Borgward is gaining increasing recognition in the automotive world. The young company with a long tradition won a Red Dot Award for design at the beginning of the year, and the automaker’s Borgward BX7 series has now made a big impression with the judges for the Plus X Award: The athletic-dynamic SUV took home the world’s biggest innovation award for technology, sportiness, and lifestyle in the categories of Design, High Quality, Ergonomics, and Functionality. The BX7 was also issued a seal of quality as SUV of the Year 2016/2017. “The Borgward BX7 has demonstrated once again that we’re on the right track with our product strategy,” said Tom Anliker, Vice President Marketing, Sales & Service at Borgward Group AG, during the awards ceremony in Bonn today. “The Plus X Award is a very prestigious one for us because it honors both the outstanding design quality and the top-class functional performance displayed by our premiere model.”

(Photo: http://photos.prnewswire.com/prnh/20160623/382892 )

The Plus X Award for innovation was presented for the 13th time in 2016. The award honors manufacturers of products that are exceptionally innovative and forward-looking in terms of technology, sportiness, and lifestyle aspects. The products that receive the award must display a specific “Plus X Factor” for added value as defined by a panel of independent trade journalists and high-ranking representatives from 26 economic sectors.

Borgward BX7 TS: Top model in the SUV series  

The Borgward BX7 that won the Plus X Award is a 4.70-meter long vehicle that was developed for the globally popular large/mid-sized SUV segment. The model makes a big impression with its extremely advanced communication and entertainment systems and an interior that’s unparalleled in this vehicle class. All of this is supplemented by Borgward’s typical outstanding design quality, which is based on the brand’s guiding principle of Modern Tradition. Outstanding safety is guaranteed by the intelligent and comprehensive PROTECT concept, which features groundbreaking dynamic handling and driver assistance systems that operate in an anticipatory manner and can help prevent collisions. If worst comes to worst, however, a very strong passenger compartment with precisely defined deformation zones, as well as passive restraint systems, provide reliable protection and can significantly mitigate the consequences of an accident.

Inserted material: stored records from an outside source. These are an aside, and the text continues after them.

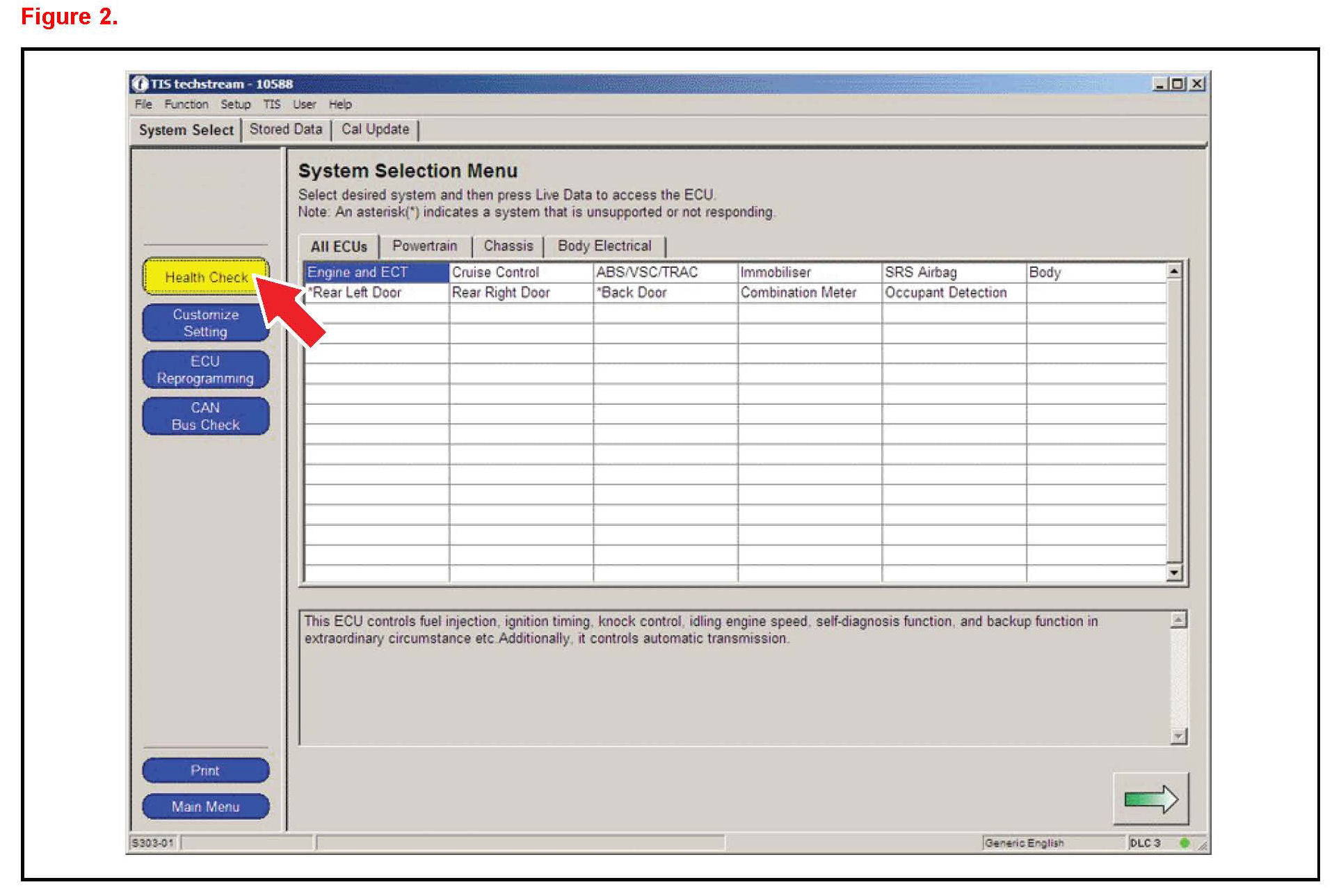 1. Verify the vehicle's applicability for recalibration and locate desired calibration file by performing the Techstream Health Check function.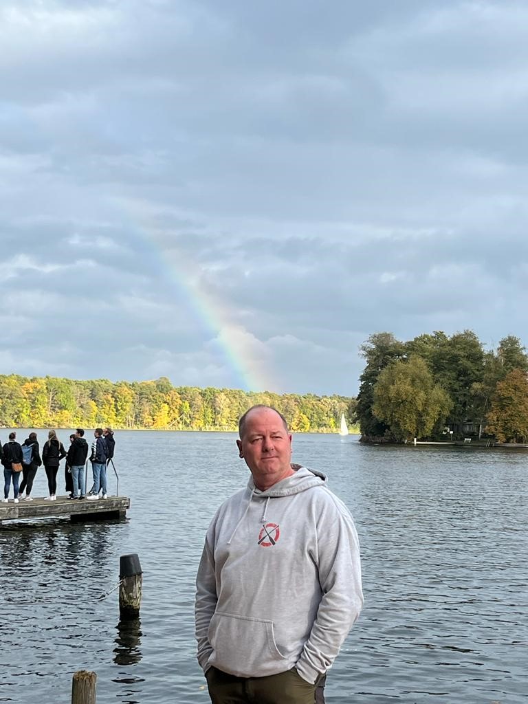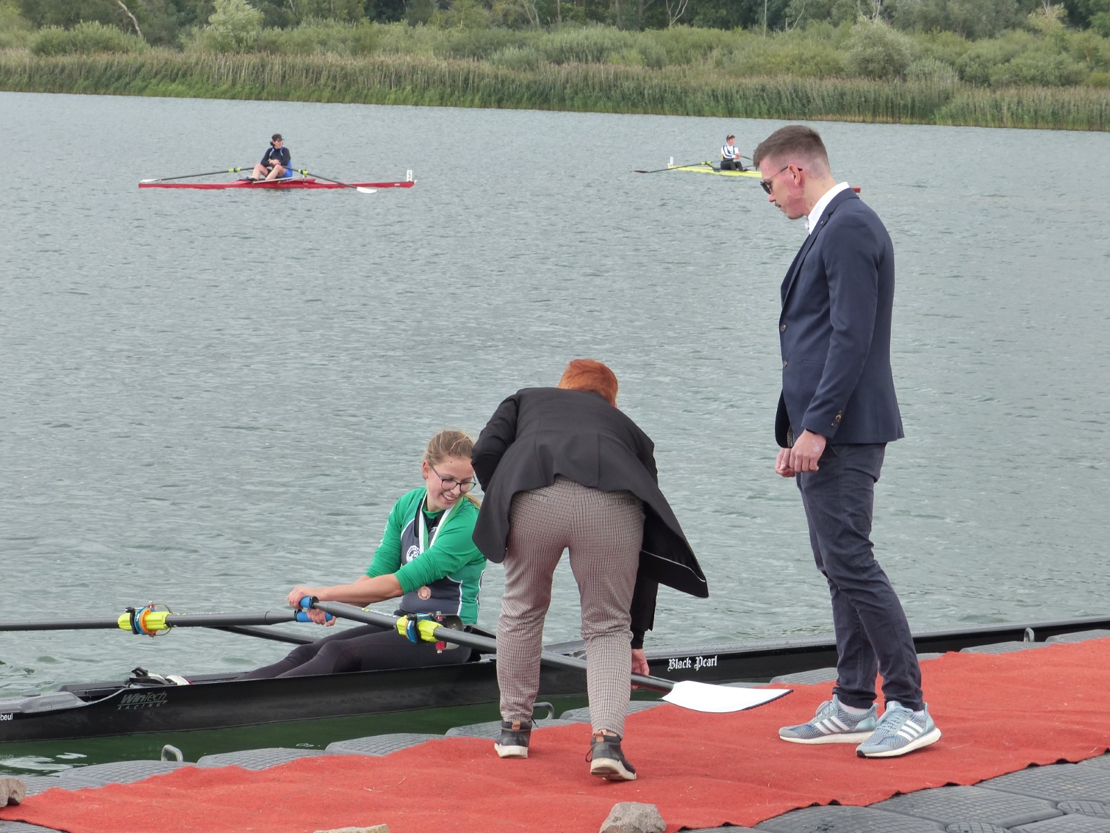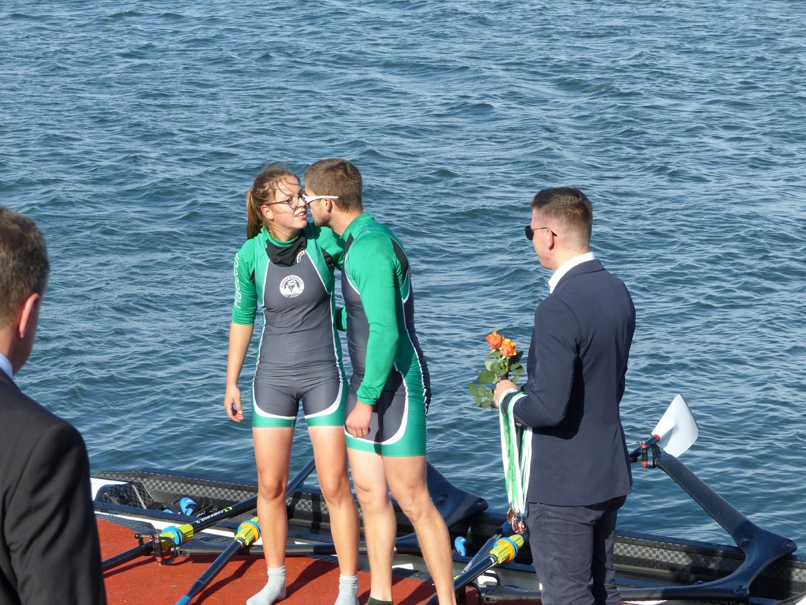 Warten vor dem Siegersteg: Unser Steuermann freut sich schon auf die Bronzemedaille.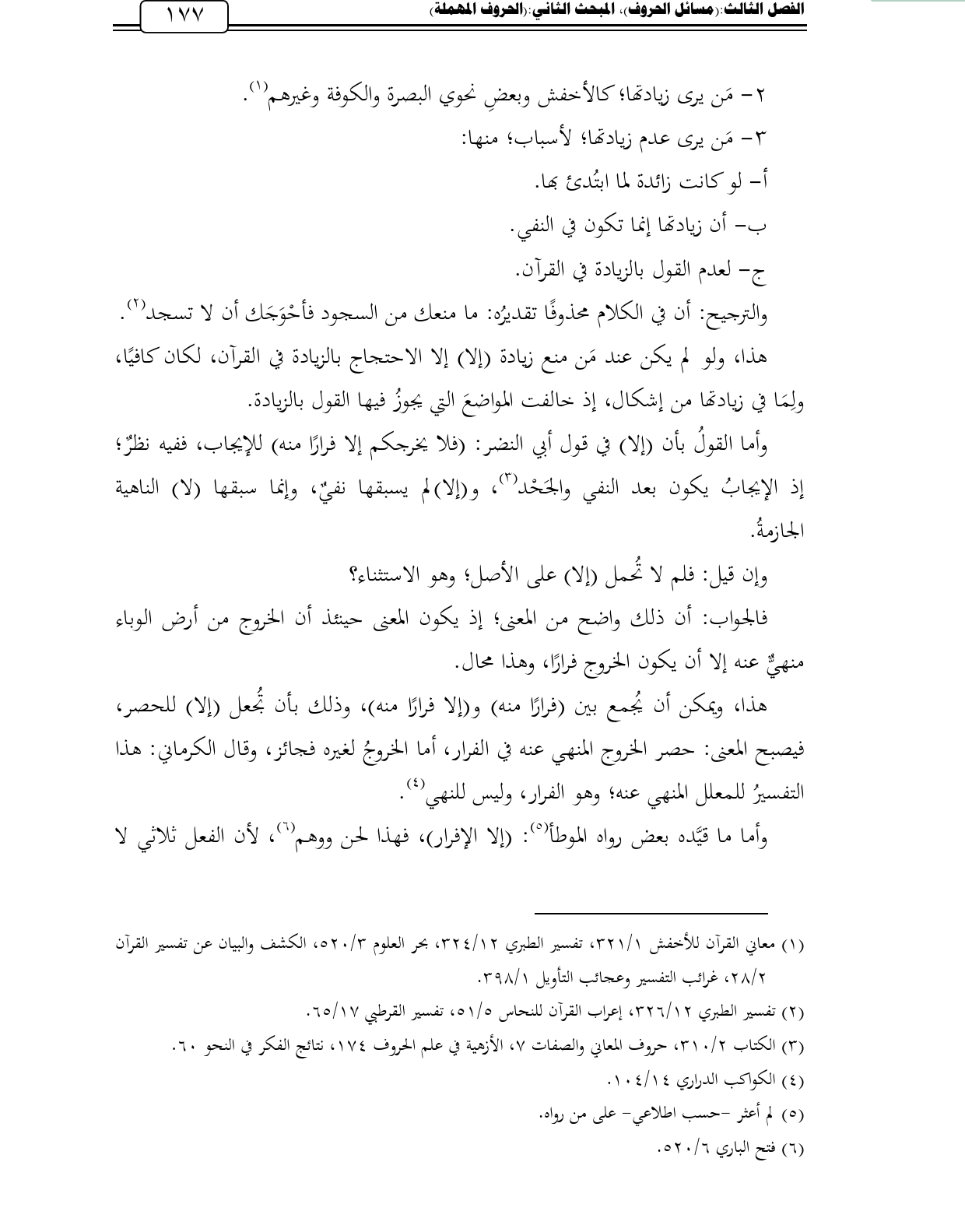 وأما القولُ بأن (إلا) في قول أبي النضر: (فلا يخرجكم إلا فرارًا منه) للإيجاب، ففيه نظرٌ؛ إذ الإيجابُ يكون بعد النفي والجَحْد (¬3)، و (إلا) لم يسبقها نفيٌ، وإنما سبقها (لا) الناهية الجازمةُ.

The Borgward BX7 top-of-the-line model with the additional TS designation continues the brand’s successful tradition that was established in the 1950s, when the same designation was used for exceptionally sporty models. Unlike the standard models from the series, which are already fully equipped, the TS features diamond-like chrome rhombus shapes and a chrome Borgward rhombus with refining red inlays mounted on the brand’s typical OCTAGON grille. Additional typical TS features include specially designed alloy wheels, bumpers, door sill trim, and cladding in the vehicle color, as well as decorative trim made of brushed aluminum. The red TS logo in chrome adorns the front fenders, the rear hatch, and the brake calipers on the six-piston front disc brakes.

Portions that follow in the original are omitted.